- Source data
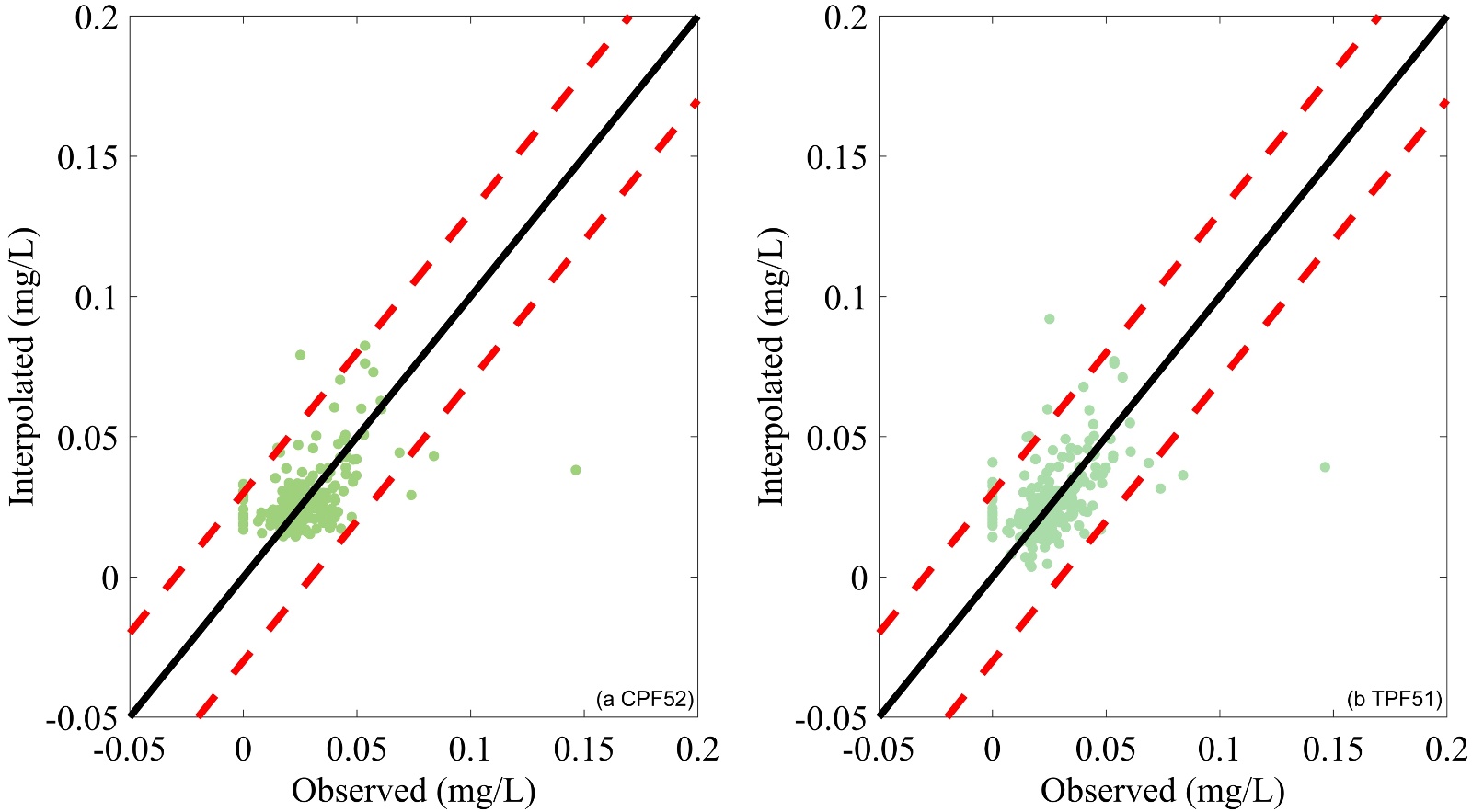 此外,图2显示了在10倍交叉验证条件下,估计值与观测石油浓度呈对比关系。中红色虚线划定偏差小于0.03 mg/L的边界范围。CPF52方法结果表明,其估算的石油浓度与观测值高度吻合,96.54%的值处于偏差小于0.03 mg/L的范围内,充分证明该方法在石油浓度估算中具有高精度与可靠性。相比之下,TPF51结果为95.00%,反映出在石油估算方面与CPF52法存在一定差距,这进一步凸显了CPF52法在本研究中的优势与应用价值,为后续相关研究与实践中的方法选择提供了依据。
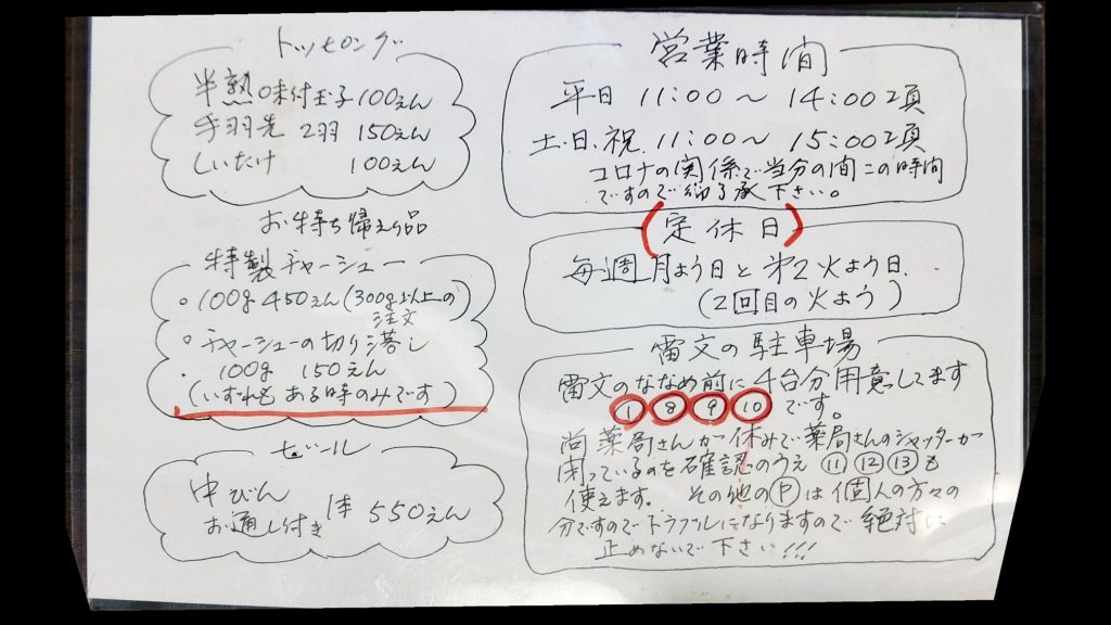 お持ち帰りのお持ち帰りのチャーシューも気になります。
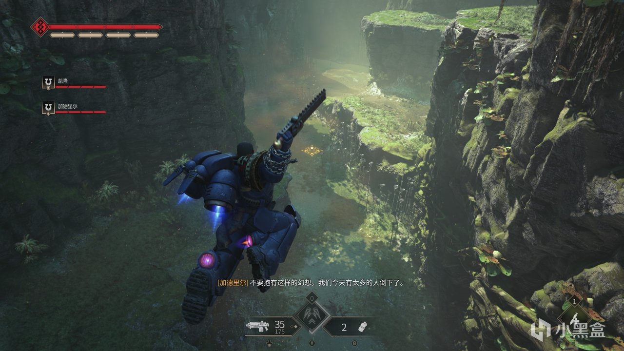 那么结合上述这些设定,感觉都是让人非常瓦库瓦库的动作要素内容,事实上在战役中,也确实让我感受到了难得的“操作体验”——只不过更接近于一个相对脆弱的毁灭战士而不是一个罐头超级战士,当然,也为它在多人游戏中的表现心存怀疑,因为多人必然会加强数值方面的困难度(游戏的三人小队是可以把倒地队友扶起来的),且仅仅在单人部分,游戏从战斗逻辑和战役表现力上,也表现出了一点的问题。
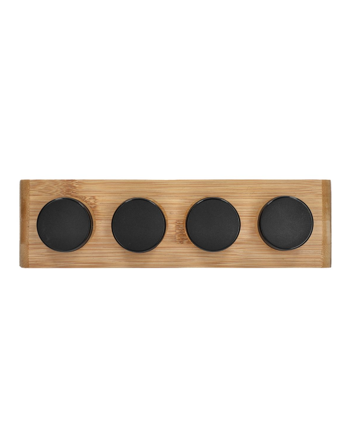 Набор состоит из 4 маленьких баночек с ситечками, которые вы можете наполнить своими любимыми специями. Они имеют герметичные пластиковые крышки для защиты специй от влаги. Баночки стоят на подставке из натурального дерева.
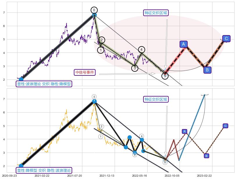 | 4 🅚:底部尽头线(上山虎) ➕ 🌊:波浪理论猜想下跌浪5已形成,猜想后续形成abc反弹上涨(均值回复) ☞ 看多信号 ⇥ 【🅚线】交织【图形】⇥ 综合量化分数: 51 | > |
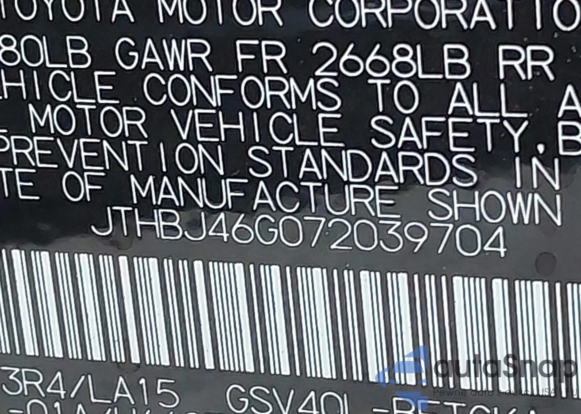 VIN: JTHBJ46G072039704
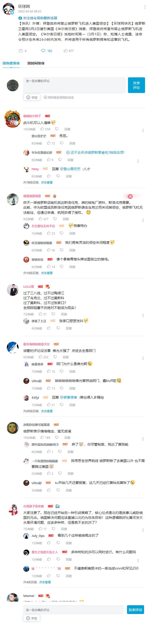 【快讯!外媒:拜登政府将禁止俄罗斯飞机进入美国领空】【环球网快讯】俄罗斯卫星网3月2日援引美国《华尔街日报》消息,拜登政府将宣布禁止俄罗斯飞机进入美国领空。《华尔街日报》当地时间周一(3月1日)称,知情人士透露,该命令预计在未来24小时内发布,并将适用于所有俄罗斯拥有和运营的飞机。
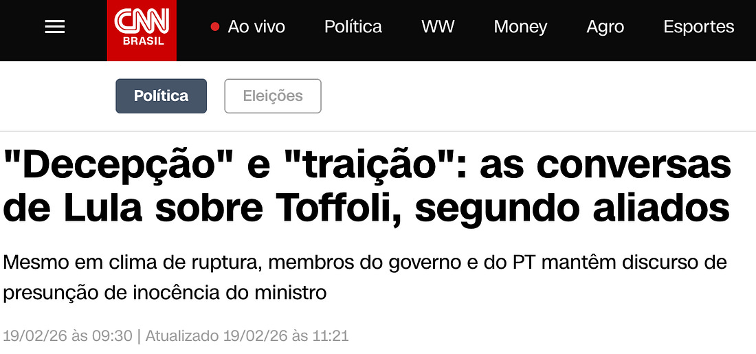 | Enquanto isso… Também veio à tona que o relatório da PF enviado ao STF cita mais de dez encontros entre Vorcaro e Toffoli. | Indo para a economia… 💼 | A taxa de desemprego do Brasil fechou 2025 com a menor média anual da série histórica em 19 estados e no DF – aprofunde. Especificamente no quarto trimestre, a desocupação do país ficou em 5,1%. | Entre os jovens de 18 a 24 anos, o desemprego recuou de 12,8% para 11,4%, também um mínimo recorde. |
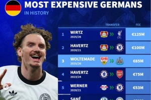 德轉(zhuǎn)列德國(guó)籍球員歷史轉(zhuǎn)會(huì)費(fèi)榜:歐元
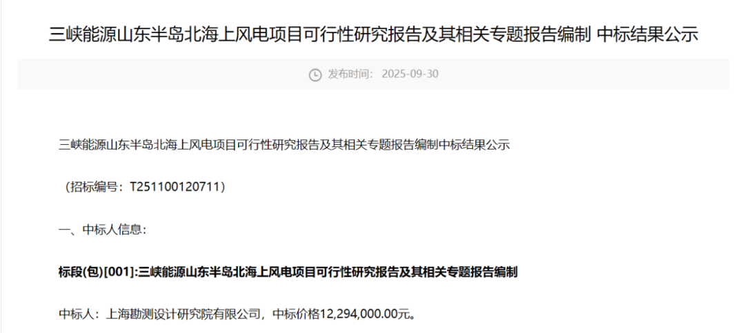 9月30日,中国三峡电子采购平台发布《三峡能源山东半岛北海上风电项目可行性研究报告及其相关专题报告编制中标结果公示》的公告。
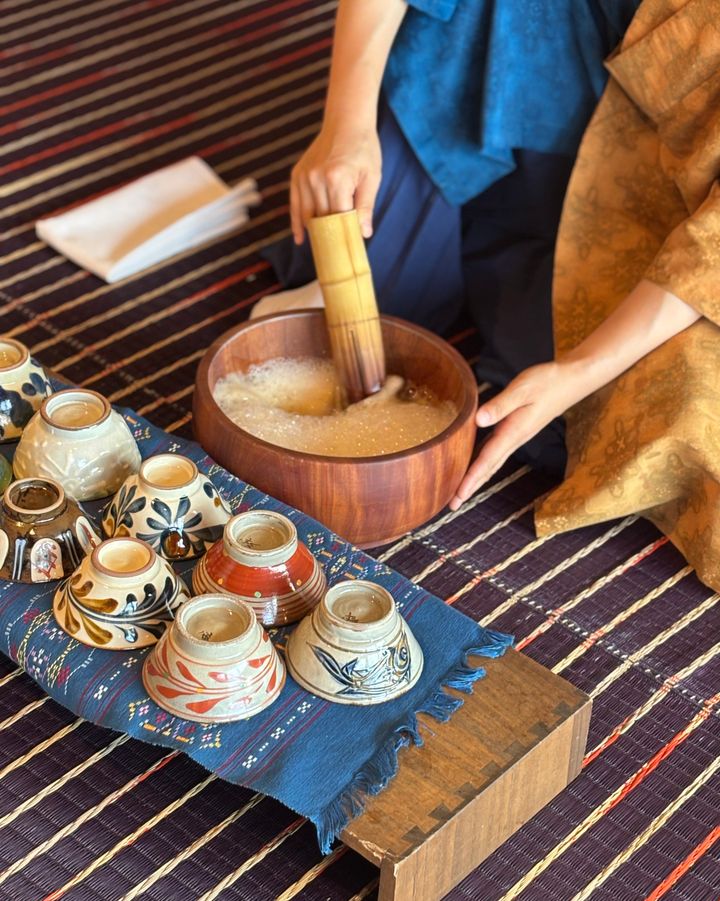 旅人の疲れを癒し、安全を願う想いが込められているという“ぶくぶく茶”をいただいて、ほっと一息。
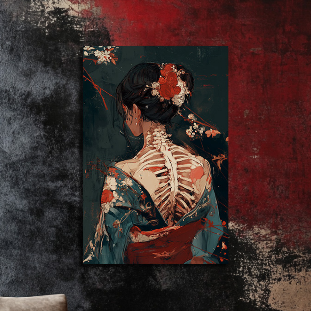 Cette œuvre révèle une femme de dos, habillée d’un kimono rouge et blanc aux motifs floraux. Les fleurs contrastent avec la blancheur spectrale de son squelette visible, créant une atmosphère aussi élégante qu’inquiétante.

- Task instructions
From the first line to the last, repeat the entries exactly and leave out the pictures.

- Written response
 此外,图2显示了在10倍交叉验证条件下,估计值与观测石油浓度呈对比关系。中红色虚线划定偏差小于0.03 mg/L的边界范围。CPF52方法结果表明,其估算的石油浓度与观测值高度吻合,96.54%的值处于偏差小于0.03 mg/L的范围内,充分证明该方法在石油浓度估算中具有高精度与可靠性。相比之下,TPF51结果为95.00%,反映出在石油估算方面与CPF52法存在一定差距,这进一步凸显了CPF52法在本研究中的优势与应用价值,为后续相关研究与实践中的方法选择提供了依据。
 お持ち帰りのお持ち帰りのチャーシューも気になります。
 那么结合上述这些设定,感觉都是让人非常瓦库瓦库的动作要素内容,事实上在战役中,也确实让我感受到了难得的“操作体验”——只不过更接近于一个相对脆弱的毁灭战士而不是一个罐头超级战士,当然,也为它在多人游戏中的表现心存怀疑,因为多人必然会加强数值方面的困难度(游戏的三人小队是可以把倒地队友扶起来的),且仅仅在单人部分,游戏从战斗逻辑和战役表现力上,也表现出了一点的问题。
 Набор состоит из 4 маленьких баночек с ситечками, которые вы можете наполнить своими любимыми специями. Они имеют герметичные пластиковые крышки для защиты специй от влаги. Баночки стоят на подставке из натурального дерева.
 | 4 🅚:底部尽头线(上山虎) ➕ 🌊:波浪理论猜想下跌浪5已形成,猜想后续形成abc反弹上涨(均值回复) ☞ 看多信号 ⇥ 【🅚线】交织【图形】⇥ 综合量化分数: 51 | > |
 VIN: JTHBJ46G072039704
 【快讯!外媒:拜登政府将禁止俄罗斯飞机进入美国领空】【环球网快讯】俄罗斯卫星网3月2日援引美国《华尔街日报》消息,拜登政府将宣布禁止俄罗斯飞机进入美国领空。《华尔街日报》当地时间周一(3月1日)称,知情人士透露,该命令预计在未来24小时内发布,并将适用于所有俄罗斯拥有和运营的飞机。
 | Enquanto isso… Também veio à tona que o relatório da PF enviado ao STF cita mais de dez encontros entre Vorcaro e Toffoli. | Indo para a economia… 💼 | A taxa de desemprego do Brasil fechou 2025 com a menor média anual da série histórica em 19 estados e no DF – aprofunde. Especificamente no quarto trimestre, a desocupação do país ficou em 5,1%. | Entre os jovens de 18 a 24 anos, o desemprego recuou de 12,8% para 11,4%, também um mínimo recorde. |
 德轉(zhuǎn)列德國(guó)籍球員歷史轉(zhuǎn)會(huì)費(fèi)榜:歐元
 9月30日,中国三峡电子采购平台发布《三峡能源山东半岛北海上风电项目可行性研究报告及其相关专题报告编制中标结果公示》的公告。
 旅人の疲れを癒し、安全を願う想いが込められているという“ぶくぶく茶”をいただいて、ほっと一息。
 Cette œuvre révèle une femme de dos, habillée d’un kimono rouge et blanc aux motifs floraux. Les fleurs contrastent avec la blancheur spectrale de son squelette visible, créant une atmosphère aussi élégante qu’inquiétante.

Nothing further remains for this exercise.